Work to be completed
Copy down the listing below exactly. Do not include pictures.

Data
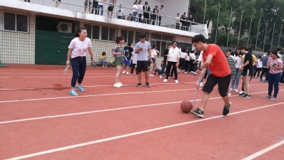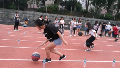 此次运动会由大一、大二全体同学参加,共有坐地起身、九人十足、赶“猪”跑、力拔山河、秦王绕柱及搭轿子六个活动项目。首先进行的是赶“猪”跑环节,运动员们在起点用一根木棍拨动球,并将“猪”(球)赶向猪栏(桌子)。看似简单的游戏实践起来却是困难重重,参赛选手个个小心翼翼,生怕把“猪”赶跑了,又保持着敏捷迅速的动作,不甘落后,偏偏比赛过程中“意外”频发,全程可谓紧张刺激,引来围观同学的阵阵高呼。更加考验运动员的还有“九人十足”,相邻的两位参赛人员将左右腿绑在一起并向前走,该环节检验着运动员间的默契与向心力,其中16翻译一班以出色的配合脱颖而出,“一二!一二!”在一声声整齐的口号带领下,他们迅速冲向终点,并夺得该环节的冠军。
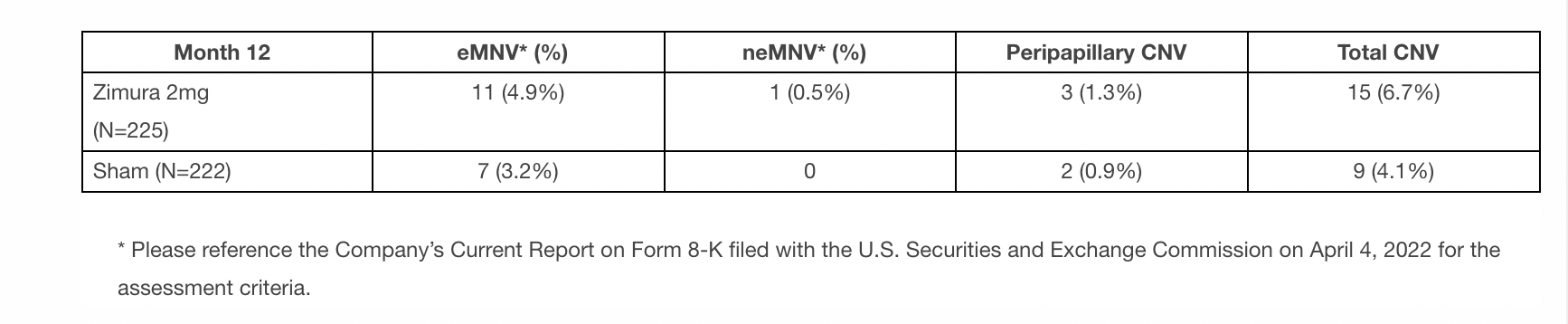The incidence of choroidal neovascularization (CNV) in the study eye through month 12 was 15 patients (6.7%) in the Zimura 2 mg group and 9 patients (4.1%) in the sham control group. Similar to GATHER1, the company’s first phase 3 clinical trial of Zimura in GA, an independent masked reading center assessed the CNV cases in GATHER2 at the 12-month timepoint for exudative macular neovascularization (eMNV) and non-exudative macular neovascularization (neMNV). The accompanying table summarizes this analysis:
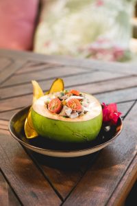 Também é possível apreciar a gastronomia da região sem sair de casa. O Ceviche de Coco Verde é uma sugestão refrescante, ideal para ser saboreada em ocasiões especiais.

Output for this exercise
 此次运动会由大一、大二全体同学参加,共有坐地起身、九人十足、赶“猪”跑、力拔山河、秦王绕柱及搭轿子六个活动项目。首先进行的是赶“猪”跑环节,运动员们在起点用一根木棍拨动球,并将“猪”(球)赶向猪栏(桌子)。看似简单的游戏实践起来却是困难重重,参赛选手个个小心翼翼,生怕把“猪”赶跑了,又保持着敏捷迅速的动作,不甘落后,偏偏比赛过程中“意外”频发,全程可谓紧张刺激,引来围观同学的阵阵高呼。更加考验运动员的还有“九人十足”,相邻的两位参赛人员将左右腿绑在一起并向前走,该环节检验着运动员间的默契与向心力,其中16翻译一班以出色的配合脱颖而出,“一二!一二!”在一声声整齐的口号带领下,他们迅速冲向终点,并夺得该环节的冠军。
The incidence of choroidal neovascularization (CNV) in the study eye through month 12 was 15 patients (6.7%) in the Zimura 2 mg group and 9 patients (4.1%) in the sham control group. Similar to GATHER1, the company’s first phase 3 clinical trial of Zimura in GA, an independent masked reading center assessed the CNV cases in GATHER2 at the 12-month timepoint for exudative macular neovascularization (eMNV) and non-exudative macular neovascularization (neMNV). The accompanying table summarizes this analysis:
 Também é possível apreciar a gastronomia da região sem sair de casa. O Ceviche de Coco Verde é uma sugestão refrescante, ideal para ser saboreada em ocasiões especiais.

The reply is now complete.